WHAT IS EXPECTED — Every record below needs to be set down exactly. Pictures do not belong in the copy.

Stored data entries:
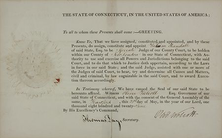 (1760 - 1833) American Revolution soldier and patriot, Secretary of the Treasury succeeding Hamilton. Partly-printed D.S. as Governor of Connecticut, 1p. sm. folio, Hartford, May 31, 1823, an appointment of William Randall to serve as Associate Judge in New London. Partial fold splits at top and bottom margins repaired on verso, matted and set into an antique frame.
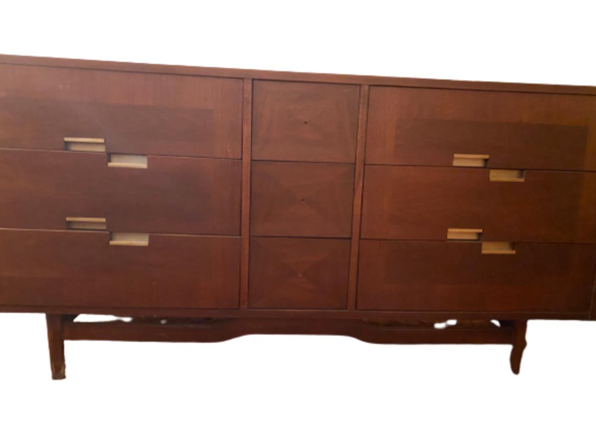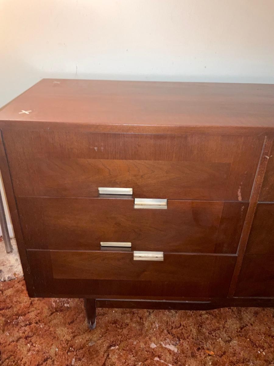 Wonderful mid century modern credenza / low boy dresser. Three long drawers on either side with modern aluminum offset pulls, Three center drawers, no knobs., apparently original were just small balls, easily replaced. Each corner have fabulous inset X. Nice condition for age. Height 30", Width 62", and depth 19"
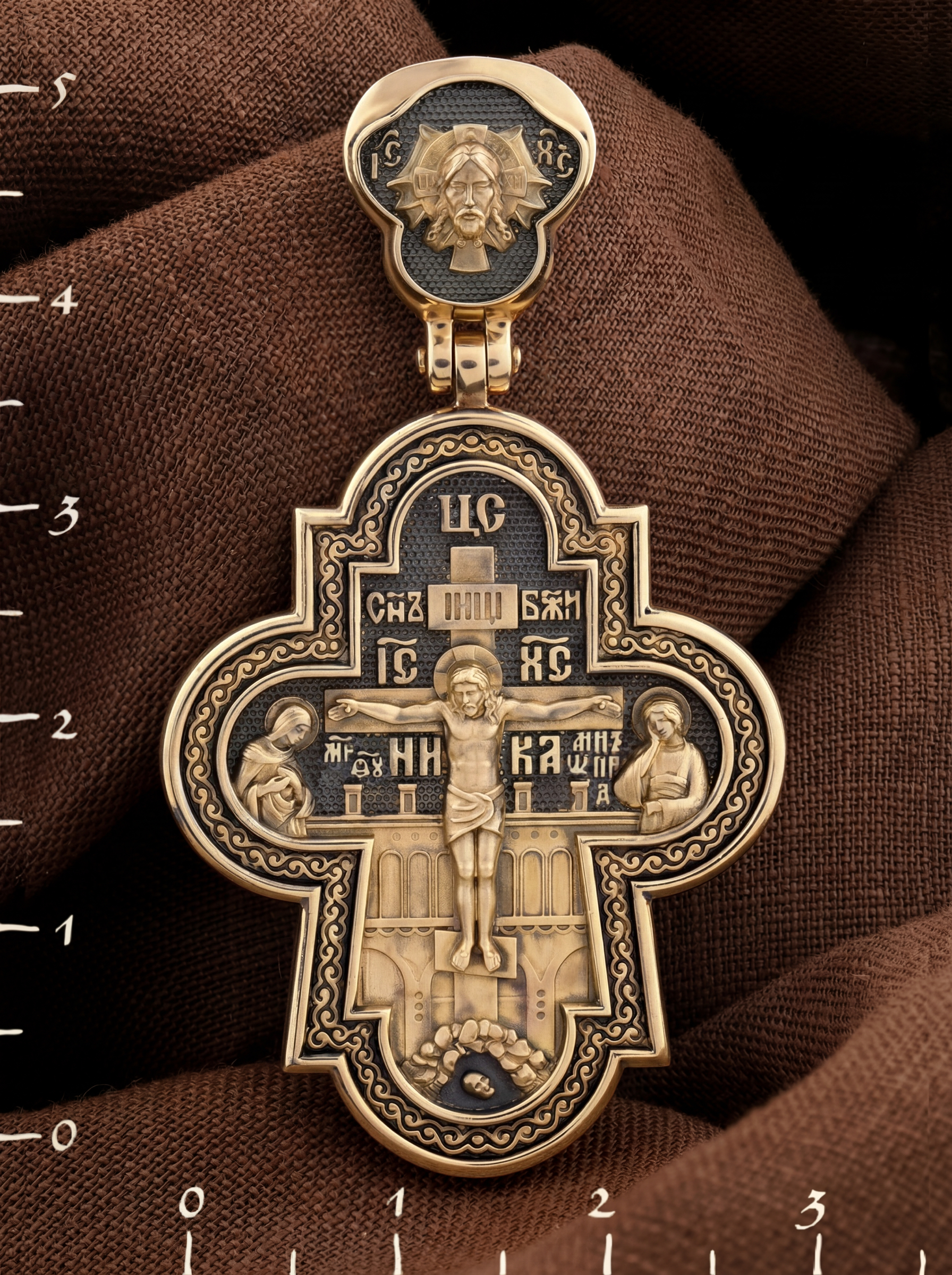 На лицевой стороне креста изображено Распятие Господа и Спасителя нашего Иисуса Христа, отдавшего Себя на смерть, для искупления грехов мира. Крест является символом жертвенной любви Всеблагого Бога к падшим людям, всепобеждающим духовным оружием христиан, основанием и средоточием церковной жизни. Господь сказал: кто хочет идти за Мною, отвергнись себя, и возьми крест свой, и следуй за Мною. (Мк. 8: 34). Над Распятием помещена надпись «Царь Славы». На верхней табличке, выше головы Иисуса, расположена надпись, составленная Понтием Пилатом — «IНЦI». Она означает «Иисус Назорей, Царь Иудейский». Надпись «IC» «ХC», означает Иисус Христос, помещается на разных сторонах поперечной перекладины креста. Возвышение, на котором стоит Крест, символизирует гору Голгофу, на которой произошло Распятие. Под подножием Креста изображена покоящаяся голова (череп) Адама. На кулонном кольце изображен Нерукотворный образ Господа и Спасителя нашего Иисуса Христа, чудесно отпечатавшийся на плате, которым Христос вытер свой лик.
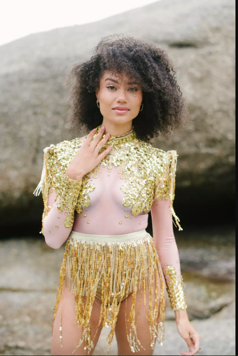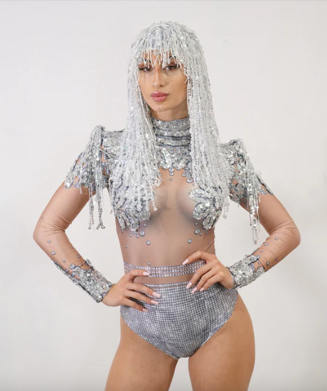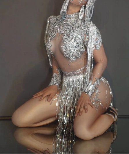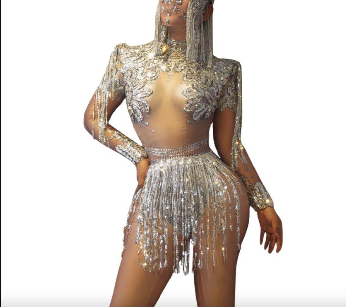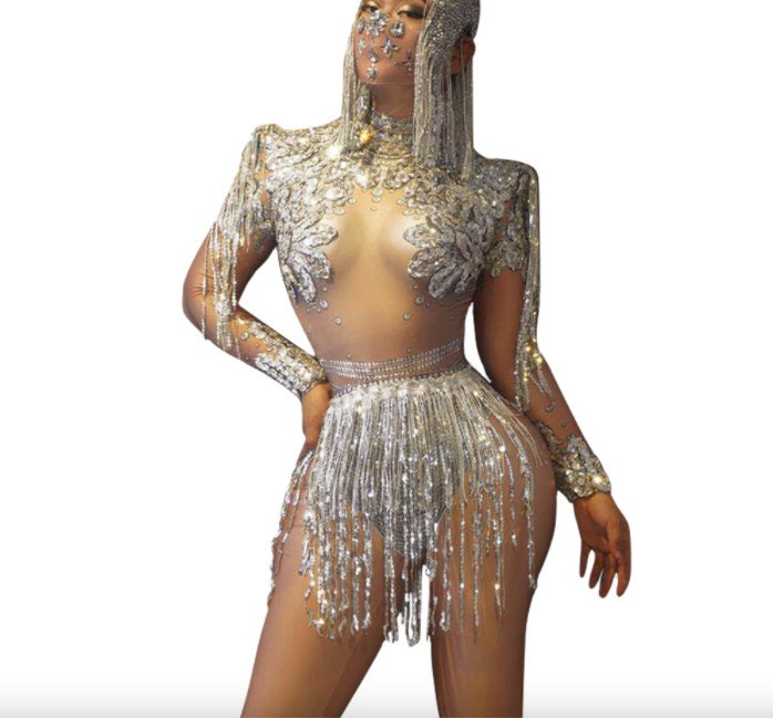 Ready to Ship Dance Performance Costume Bodysuit with fringe skirt headdress optional. Ideal costume, party or festival.
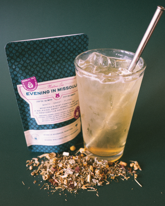 A fizzy fall twist on a Montana classic. We turn the beloved Evening in Missoula herbal tea into a rich, house-made syrup with organic cane sugar, then blend it into sparkling water for a crisp, refreshing drink that’s subtly sweet and beautifully botanical.
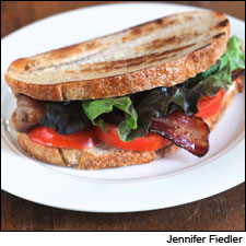 Sometimes cooking well isn't so much about how you transform the ingredients, but rather how well you piece together what's in your shopping cart. Like many sandwiches, the key to the classic B.L.T. lies in bringing together the best ingredients, mixing contrasting flavors and textures. Find a good tomato, some well-made bacon and a solid loaf of bread and you’re basically rounding third and heading for home. For extra panache, however, consider the little luxury of homemade mayo.
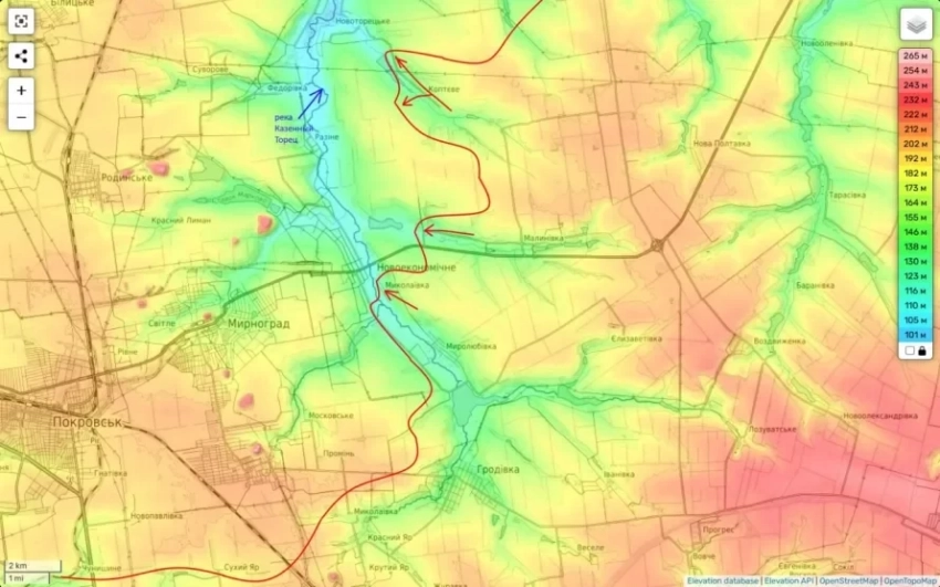 По данным Подоляки, российские войска продвинулись широким фронтом к реке Казённый Торец в районе Новоторецкого и Владимировки, обходя терриконы и ключевые высоты, которые могли бы стать опорными пунктами для ВСУ.
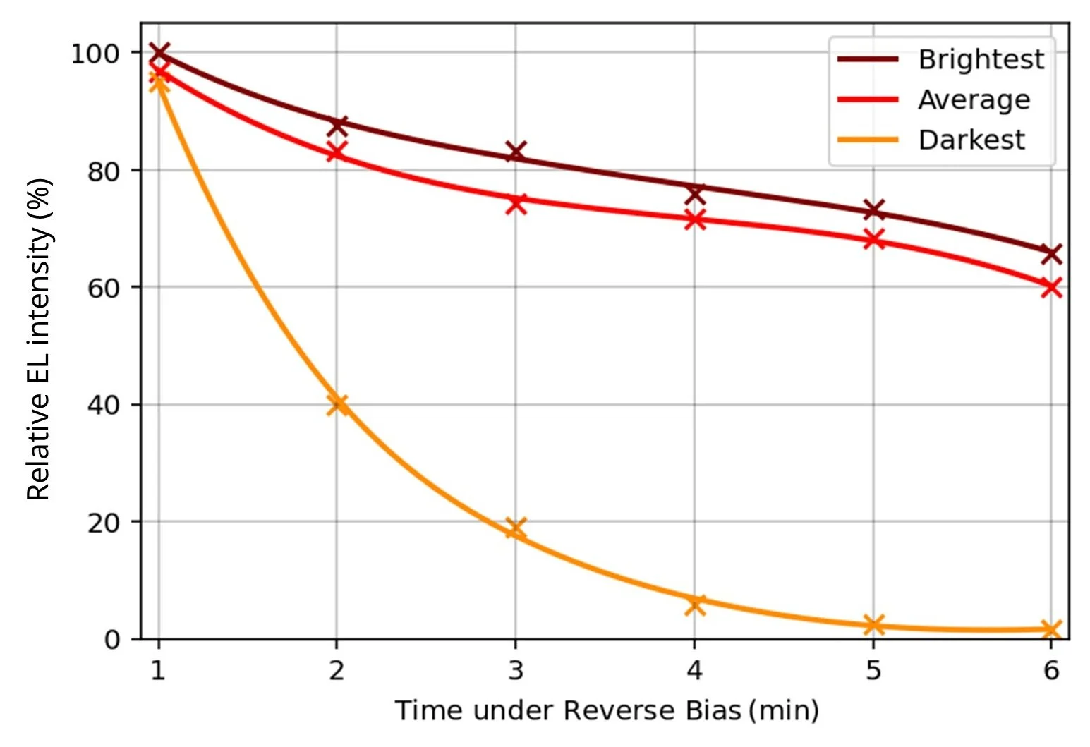 Table 1. Device performance before and after reverse-bias stressing procedure at various voltages. The initial performance of all devices is very similar. The PCE was measured using a white LED illumination equivalent to 1 sun.

EXERCISE OUTPUT —
 (1760 - 1833) American Revolution soldier and patriot, Secretary of the Treasury succeeding Hamilton. Partly-printed D.S. as Governor of Connecticut, 1p. sm. folio, Hartford, May 31, 1823, an appointment of William Randall to serve as Associate Judge in New London. Partial fold splits at top and bottom margins repaired on verso, matted and set into an antique frame.
 Wonderful mid century modern credenza / low boy dresser. Three long drawers on either side with modern aluminum offset pulls, Three center drawers, no knobs., apparently original were just small balls, easily replaced. Each corner have fabulous inset X. Nice condition for age. Height 30", Width 62", and depth 19"
 На лицевой стороне креста изображено Распятие Господа и Спасителя нашего Иисуса Христа, отдавшего Себя на смерть, для искупления грехов мира. Крест является символом жертвенной любви Всеблагого Бога к падшим людям, всепобеждающим духовным оружием христиан, основанием и средоточием церковной жизни. Господь сказал: кто хочет идти за Мною, отвергнись себя, и возьми крест свой, и следуй за Мною. (Мк. 8: 34). Над Распятием помещена надпись «Царь Славы». На верхней табличке, выше головы Иисуса, расположена надпись, составленная Понтием Пилатом — «IНЦI». Она означает «Иисус Назорей, Царь Иудейский». Надпись «IC» «ХC», означает Иисус Христос, помещается на разных сторонах поперечной перекладины креста. Возвышение, на котором стоит Крест, символизирует гору Голгофу, на которой произошло Распятие. Под подножием Креста изображена покоящаяся голова (череп) Адама. На кулонном кольце изображен Нерукотворный образ Господа и Спасителя нашего Иисуса Христа, чудесно отпечатавшийся на плате, которым Христос вытер свой лик.
 Ready to Ship Dance Performance Costume Bodysuit with fringe skirt headdress optional. Ideal costume, party or festival.
 A fizzy fall twist on a Montana classic. We turn the beloved Evening in Missoula herbal tea into a rich, house-made syrup with organic cane sugar, then blend it into sparkling water for a crisp, refreshing drink that’s subtly sweet and beautifully botanical.
 Sometimes cooking well isn't so much about how you transform the ingredients, but rather how well you piece together what's in your shopping cart. Like many sandwiches, the key to the classic B.L.T. lies in bringing together the best ingredients, mixing contrasting flavors and textures. Find a good tomato, some well-made bacon and a solid loaf of bread and you’re basically rounding third and heading for home. For extra panache, however, consider the little luxury of homemade mayo.
 По данным Подоляки, российские войска продвинулись широким фронтом к реке Казённый Торец в районе Новоторецкого и Владимировки, обходя терриконы и ключевые высоты, которые могли бы стать опорными пунктами для ВСУ.
 Table 1. Device performance before and after reverse-bias stressing procedure at various voltages. The initial performance of all devices is very similar. The PCE was measured using a white LED illumination equivalent to 1 sun.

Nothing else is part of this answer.